L'avocat avait déjà purgé une peine d'emprisonnement de six mois en 2015 pour outrage à trois juges de la Chambre criminelle de la Cour suprême de sécurité d'Etat.

 

Progressivement depuis septembre, les autorités cubaines ont intimidé des membres du Cubalex. Les procureurs de l'État ont convoqué au moins deux membres de l'organisation pour interrogatoire. Selon Cubalex, les autorités ont également interrogé les personnes qui ont reçu des conseils et des informations de leur centre.

 

Selon Cubalex , les entrevues, qui auraient duré jusqu'à une heure et 45 minutes, ont été filmées. Les autorités chercheraient des informations pour criminaliser les activités de l'organisation. Le procureur provincial à La Havane a informé Cubalex qu'il faisait l'objet d'une enquête fiscale.

 

 

Le 13 octobre, la Commission interaméricaine des droits de l'homme (CIDH) et le Rapporteur spécial pour la liberté d'expression ont exprimé leur «préoccupation face à la persistance des actes de harcèlement et d'actes de représailles» de l'État cubain contre Cubalex et a mentionné le cas de Julio Ferrer.
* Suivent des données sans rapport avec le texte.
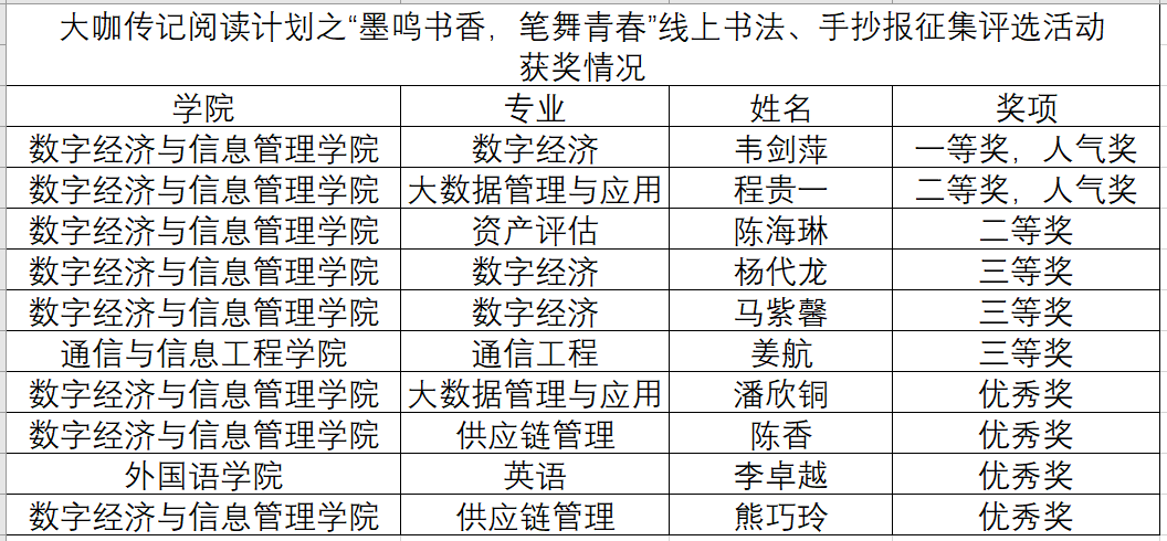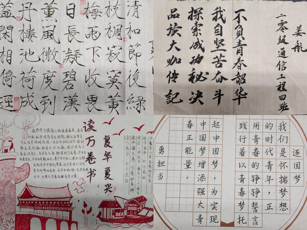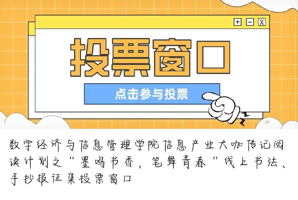 为进一步贯彻我校“信息产业大咖传记阅读计划”,弘扬中华优秀传统文化,促进校园文化建设,营造更好的读书氛围,构建和谐校园,数字经济与信息管理学院于5月18日举办大咖传记阅读计划之“墨鸣书香,笔舞青春” 线上书法、手抄报征集评选活动。本次活动将评委打分与大众投票相结合,择优选出10份作品进行表彰。

Ils ont exhorté le régime à cesser ces actions et à «assurer efficacement que les membres de cette organisation peuvent exercer leurs droits et la défense des droits de l'homme sans ingérence indue».

 

Rappel :

Julio Alfredo Tamayo Ferrer et Laritza Diversent, la directrice du Centre,  sont des avocats indépendants qui s’efforcent de défendre les citoyens dans des conditions très dures.

 

Laritza Diversent a signalé qu'elle avait été arrêtée et interrogée à plusieurs reprises à l'aéroport lors de ses voyages récents. Sa maison, où est installé le Centre « Cubalex »,  est sous surveillance.

 

Précédemment, en 2015, un certain nombre d'articles avaient été publiés sur les blogs pro-gouvernementaux qui semblaient diffamer Laritza Diversent.

 

En avril 2015, les membres de Cubalex ont fait l'objet de mesures de protection de la CIDH qui a demandé aux autorités cubaines de prendre des mesures pour protéger la vie des membres de Cubalex et assurer leur traitement humain.

 

Les ONG de défense des droits de l'homme ne sont actuellement pas en mesure d'enregistrer légalement à Cuba et il est d'usage qu'elles opèrent à partir des foyers de leurs membres ou administrateurs.